CR The Cancer and Leukemia Group B is conducting a phase III trial in patients with locally recurrent or metastatic breast cancer. There are 3 chemotherapy comparison arms being evaluated in the trial: paclitaxel 90 mg/m2 weekly 3 out of 4 weeks versus albumin-bound paclitaxel 150 mg/m2 3 weeks out of 4, versus ixabepilone delivered 3 weeks out of 4. Prior to randomization, investigators have the option of adding bevacizumab (Avastin, Genentech) to the treatment arm. It is anticipated that 900 women will be enrolled in the trial. Patients are allowed to have received prior adjuvant or neoadjuvant taxanes, but are not allowed to have any prior chemotherapy for metastatic breast cancer. I think the findings from this study will help us better understand whether there is an advantage to nanoparticle technology, particularly for albumin-bound paclitaxel given in its most efficacious manner, which is weekly at 150 mg/m2 in patients without prior chemotherapy in the metastatic setting.
H&O In which patients do you consider albumin-bound paclitaxel as the taxane of choice for single-agent therapy?
CR Albumin-bound paclitaxel given weekly is my standard frontline taxane of choice for most patients with metastatic breast cancer.
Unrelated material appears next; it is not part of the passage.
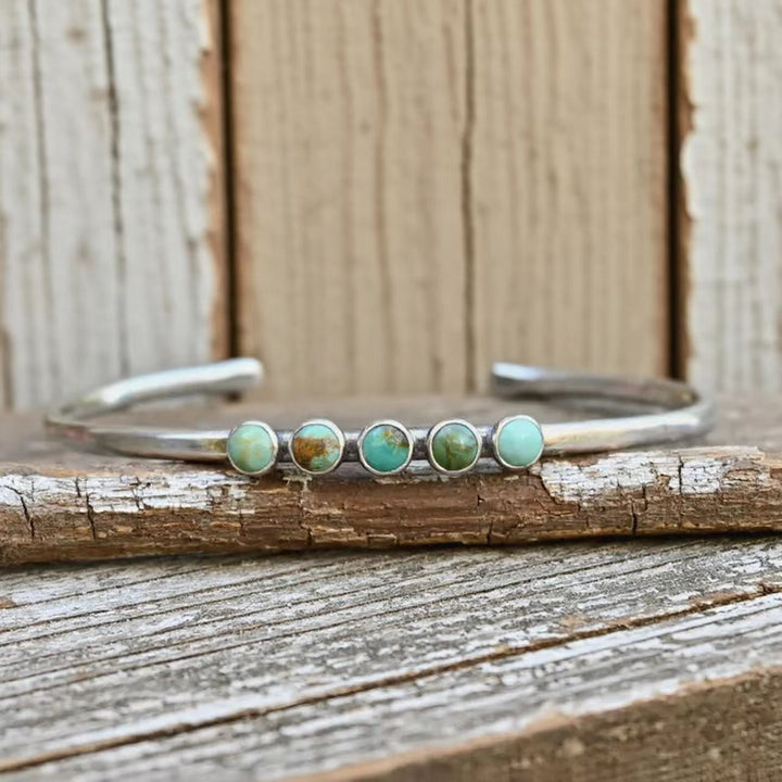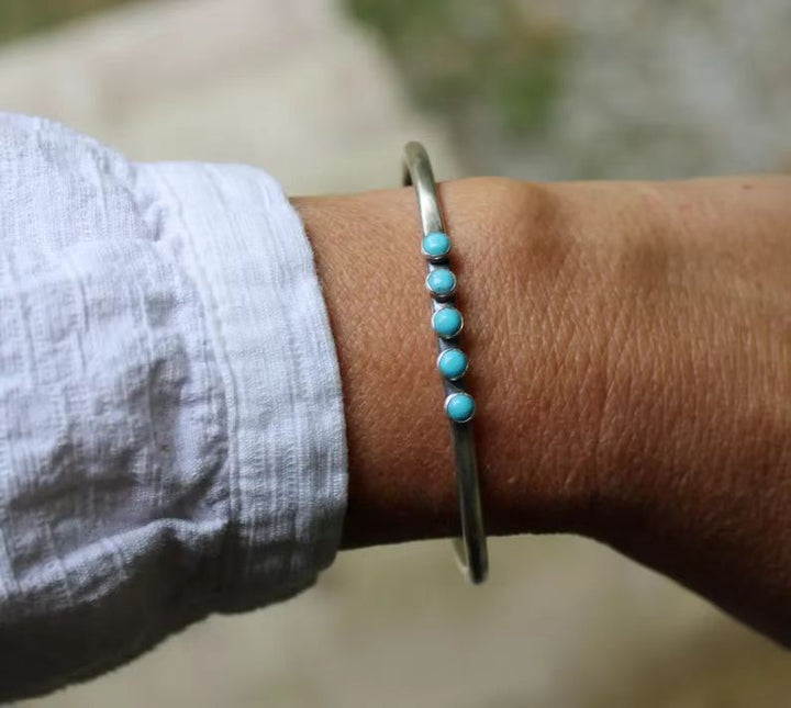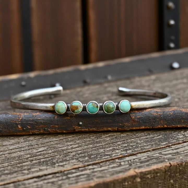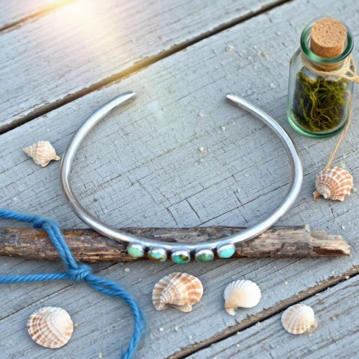 Elevate your jewelry collection with this exquisitely handmade adjustable vintage cuff bracelet, designed for women who appreciate timeless elegance. Featuring authentic Kingman turquoise sourced from Arizona, each stone showcases natural color variations and unique patterns, making every bracelet truly one of a kind. The vintage-inspired sterling silver cuff enhances its rustic charm, while the adjustable fit ensures comfort and versatility. Handcrafted by skilled artisans, this bracelet is more than just jewelry—it’s a wearable piece of Southwestern artistry. Perfect for both everyday wear and special occasions, it embodies individuality, craftsmanship, and natural beauty.

I believe that, at least in the weekly dosing schedule, it is more efficacious and is much safer in that we are able to prevent the use of steroids and other premedications. Patients are able to receive albumin-bound paclitaxel over a much more rapid infusion time, and cost analyses comparing cremophor-based paclitaxel and albumin-bound paclitaxel have shown that it is more cost-effective to use albumin-bound paclitaxel.
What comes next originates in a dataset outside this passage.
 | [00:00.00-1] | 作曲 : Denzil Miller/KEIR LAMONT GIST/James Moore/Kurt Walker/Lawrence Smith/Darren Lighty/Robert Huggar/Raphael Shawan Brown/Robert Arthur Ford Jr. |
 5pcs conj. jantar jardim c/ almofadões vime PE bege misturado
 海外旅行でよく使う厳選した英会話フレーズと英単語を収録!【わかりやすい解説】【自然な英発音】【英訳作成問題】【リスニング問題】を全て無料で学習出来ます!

H&O In which patients would you consider albumin-bound paclitaxel as a combination partner?
CR I have been using bevacizumab with albumin-bound paclitaxel in the metastatic setting. The CALGB 40502 trial will study this combination formally, otherwise it has only been evaluated in multiple relatively small phase II trials, which showed expected safety with the combination. In patients with metastatic, HER2-positive breast cancer, I use albumin-bound paclitaxel with trastuzumab (Herceptin, Genentech). This drug is easily combinable with biologic agents with only minimal enhancement of toxicity or problems therein. Albumin-bound paclitaxel is a particularly well-suited drug when administered with an antibody such as trastuzumab, because we can eliminate steroid use and potential complications caused by poor immune response.
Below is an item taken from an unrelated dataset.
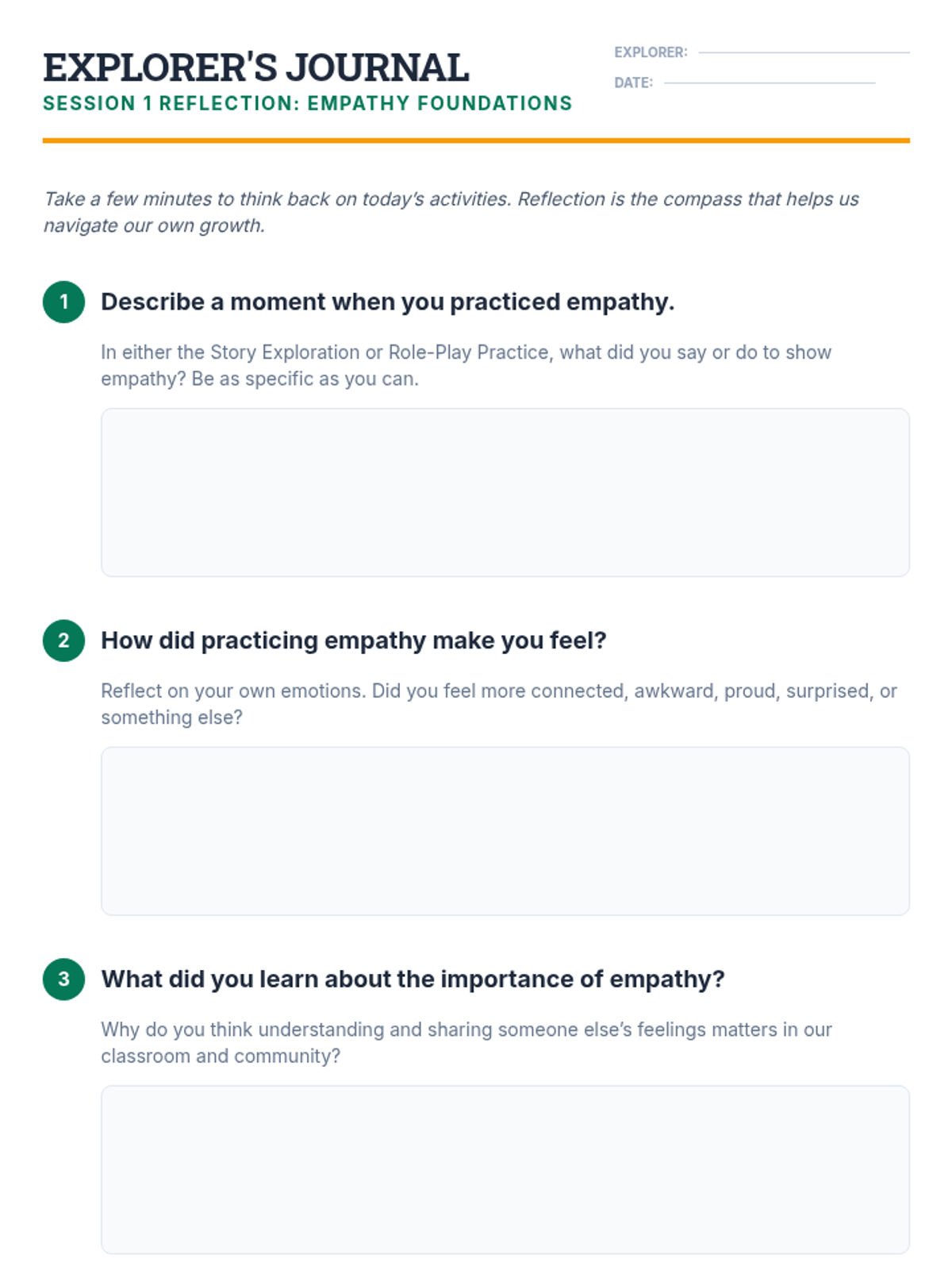 A 6-week Tier 2 small group intervention for middle schoolers to develop social-emotional skills including empathy, emotional regulation, and conflict resolution. Students engage in lab-style reflections and activities to build a toolkit for self-management and social awareness.

H&O What albumin-bound paclitaxel combination regimens are being explored?
CR There are no formal phase III trials that have looked at combinations. All of the trials that have been published to this point are relatively small phase II trials, and the dosing is inconsistent. Albumin-bound paclitaxel can be combined with a platinum and with gemcitabine. However, I do not think we have a great understanding of the appropriate dosing of albumin-bound paclitaxel when using it as a combination partner.
There have been numerous reports of combining albumin-bound paclitaxel with carboplatin and bevacizumab, especially in the neoadjuvant setting. Some of the endpoints of these trials are looking at SPARC expression to determine whether SPARC is predictive of benefit. Ongoing studies are trying to establish optimal dosing for albumin-bound paclitaxel in combination.
Suggested Readings
Gradishar WJ, Tjulandin S, Davidson N, et al. Phase III trial of nanoparticle albumin-bound paclitaxel compared with polyethylated castor oil-based paclitaxel in women with breast cancer. J Clin Oncol. 2005;23:7794-7803.
Gradishar WJ, Krasnojon D, Cheporov S, et al. Significantly longer progression-free survival with nab-paclitaxel compared with docetaxel as first-line therapy for metastatic breast cancer. J Clin Oncol. 2009;27:3611-3619.
Lobo C, Lopes G, Baez O, et al. Final results of a phase II study of nab-paclitaxel, bevacizumab, and gemcitabine as first-line therapy for patients with HER2-negative metastatic breast cancer. Breast Cancer Res Treat. 2010;123:427-435.